With this book in hand you will find yourself saying, "How could anyone have missed the Internet 'crash' of 2000?" Of course it had to happen. Then you will be asking yourself, "When will we get past the frenzied hype about these technologies so we can finally make all this really useful?" Just as Perez has been asking.

Throughout the 1980's and 1990's as a Wall Street analyst following technology companies, I regularly polled economists about the impact of computers and networks. At first there was no response. Later, we all began to hear about the "New Economy" and how everything had completely changed in economics. Yes, this was a pretty transparent attempt to rationalize stock valuations that had gone into orbit. In many ways it was even worse than no response at all.
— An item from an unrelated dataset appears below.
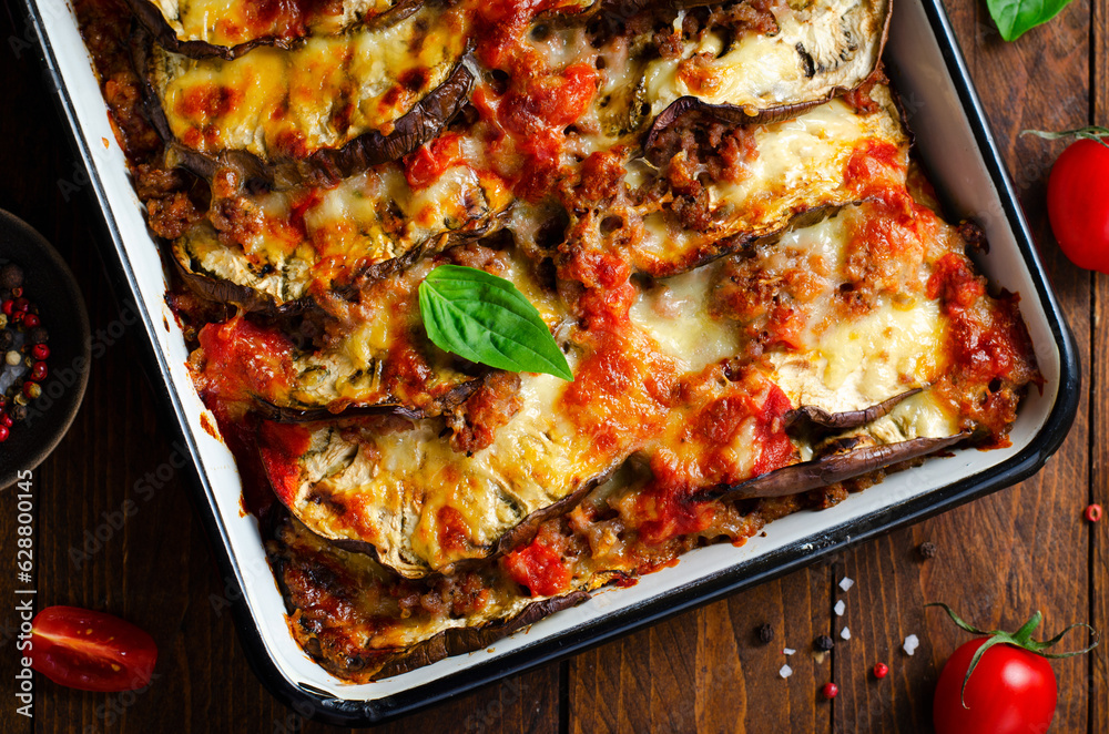 Eggplant Casserole, Roasted Eggplant Dish with Minced Meat, Tomato Sauce and Mozzarella over Rustic Background

It wasn't until I read Technological Revolutions and began to look into why mainstream economists have had so little to say about technology, that I learned there was a fight over all this in the 1930/40s. Many were involved but Harvard's Joseph Schumpeter who authored Business Cycles in 1938 putting technology at center stage- was among the losers. Future generations of economists rarely delved into Schumpeter's heterodoxy. Fortunately, Perez revives the Schumpeterian tradition with a powerful reinterpretation and combines economics and technology with a clear and convincing voice.

History is a pattern, not an endless repeating cycle but a distinct and discernable pattern.